Les premières estimations

20 heures  : Selon un sondage à la sortie des urnes TNS-Sofres-France3, l'UMP serait en tête en Rhône-Alpes avec 27 %, suivi par le PS avec 25 %. Europe Ecologie se place en troisième position avec 17,5 %. Le FN afficherait un score de 14 %, se qualifiant pour le second tour.

Au QG d'Europe Ecologie, c'est la soupe à la grimace, les sondages avaient annoncé le mouvement à plus de 20 %, les militants sont déçus mais espèrent encore que les résultats des grandes villes, qui viennent juste de clore leurs bureaux de vote, amélioreront ces estimations.

L'équipe de Meirieu envisage déjà de proposer au PS une répartition des sièges à la proportionnelle. Les militants se montrent catastrophés par les premières estimations concernant le Front National. Les écologistes refuseraient tout accord avec les socialistes avant mardi midi. Les négociations devraient pourtant commencer dès les prochaines heures.

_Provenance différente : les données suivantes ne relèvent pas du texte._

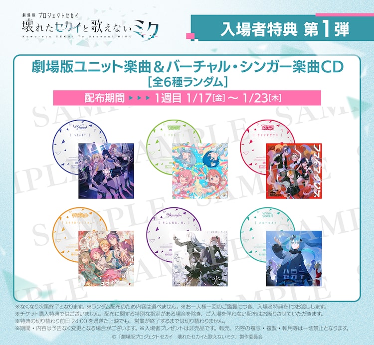 書き下ろし楽曲のCD全6種類から、ランダムで1枚が手に入る入場者プレゼント第1弾。ジャケットは6人のイラストレーターによる描き下ろしで、Leo/needの「SToRY」はドルストイ、MORE MORE JUMP!の「FUN!!」はあかもく、Vivid BAD SQUAD「ファイアダンス」は問七、ワンダーランズ×ショウタイムの「スマイル*シンフォニー」はみっ君、25時、ナイトコードで。の「そこに在る、光。」はカラスロ、バーチャル・シンガーの「ハローセカイ」はおむたつが手がけた。なお「ハローセカイ」は劇場版とは異なり、バーチャルシンガー6人が歌唱したスペシャルバージョンが収録されている。入場者プレゼント第1弾には、1月26日までの期間限定で楽曲を試聴できるコードや、アプリゲーム「プロジェクトセカイ カラフルステージ! feat. 初音ミク」で交換できるシリアルコードも付属する。
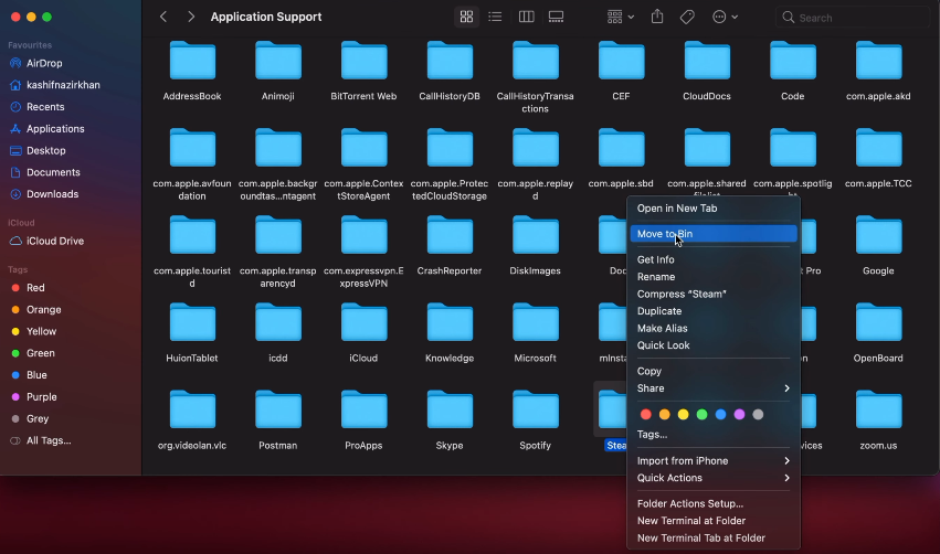 - Find the Steam folder and right-click it and select Move to Bin.

19 heures 30 : Le Modem "n'a rien prévu" pour ces élections, Azouz Begag, tête de la liste centriste, "suit sans doute les résultats de chez lui", d'après son directeur de campagne. Au vu des sondages annonçant un Modem sous les 5 %, on parle même de la candidature de Begag comme d'une "expérimentation" pour le parti, visant à "voir si la France et les rhônalpins sont prêts à voter pour un homme issu de l'immigration". Sur le site des centristes, on annonce toutefois un rendez-vous pour tous les adhérents à 21 heures au bar de l'Etoile (3è).

A la permanence du parti socialiste, rue de Créqui, on ne reçoit tout simplement pas la presse. Jean-Jack Queyranne, président sortant, devrait arriver à la préfecture à 21 heures.

17 heures : le taux de participation dans le Rhône était de 36,99 %, en 2004 il était de 45,83 %.